= Holy League (1717) =

Anti-Ottoman alliance

The Holy League of 1717 was one of many coalitions organised by the Papal States to deal with the Ottoman threat.
This last one comprised Portugal, the Republic of Venice and Malta.

==Background==

Throughout the 16th and 17th centuries, several Holy Leagues were organized by the Papacy, the most famous of which finally managed to defeat the Ottoman fleet at the third Battle of Lepanto. However, the resurgent threat of the Ottoman fleet continued until the early 18th century and came again to the fore in the Seventh Ottoman–Venetian War of 1714–1718.

As with the previous Leagues, the Papal States organized the expedition, the Republic of Venice financed it and a third party - usually a Catholic kingdom - was to provide the support to the fleet. Given that Spain was exhausted from the War of the Spanish Succession, Pope Clement XI appealed to King John V of Portugal who ended up sending a fleet to the Mediterranean.

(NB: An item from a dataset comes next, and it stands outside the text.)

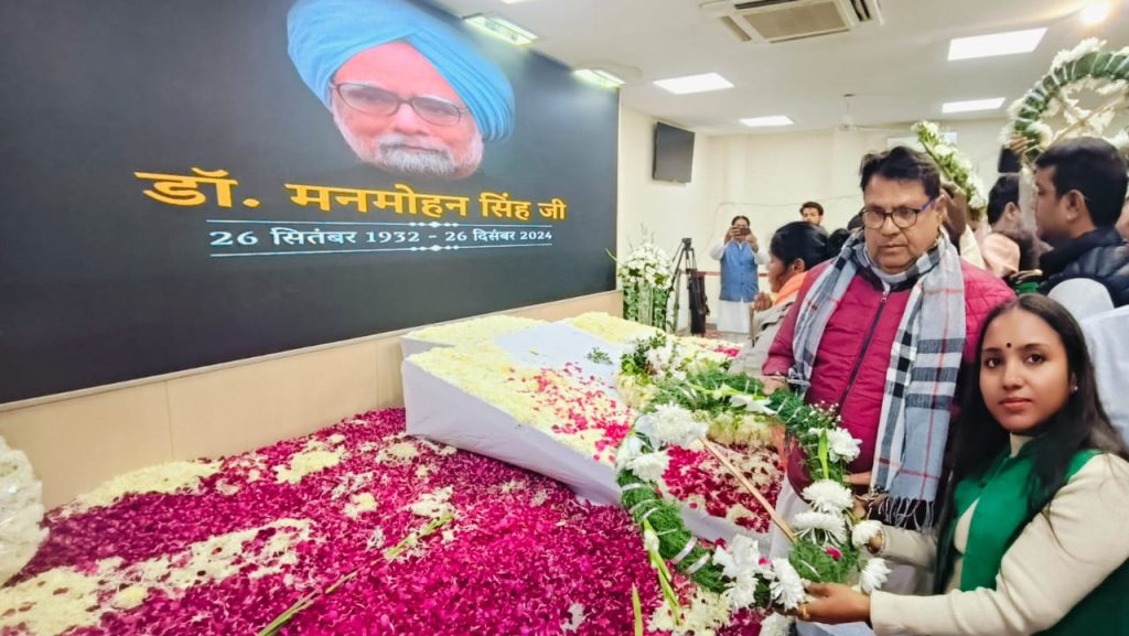 प्रदेश कांग्रेस कमेटी की सचिव रजनी वागी ने श्रद्धांजलि अर्पित करते हुए कहा कि आज देश ने बहुत ईमानदार और योग राजनीतिज्ञ खो दिया है जिसने मौन रहते हुए भी सब कुछ करके दिखाया इस देश के हित में। दिल्ली अकबर रोड पर प्रधानमंत्री डॉक्टर मनमोहन सिंह के लिए पार्थिव शरीर के दर्शन करने वालों एवं श्रद्धांजलि देने वाले में नितिन कुमार ,दीपक कुमार ,प्रवेश कुमार ,कासिम अंसारी नेत्रपाल, दिनेश कुमार, अधिकार्यकर्ता पदाधिकारी उपस्थित रहे।

The efforts came to fruition in late July, when a combined fleet of Portuguese, Venetian, Papal, and Maltese ships engaged the fleet of Kapudan Pasha Eğribozlu İbrahim Pasha in the Battle of Matapan.

==Aftermath==

The outcome of 1717 as well as of the prior battles with the same goal, was that of restricting the Ottoman naval dominance to the eastern Mediterranean.

As a result of the battle, the Venetian attempt to recapture the Morea was foiled and the Ottoman reconquest of the peninsula was confirmed.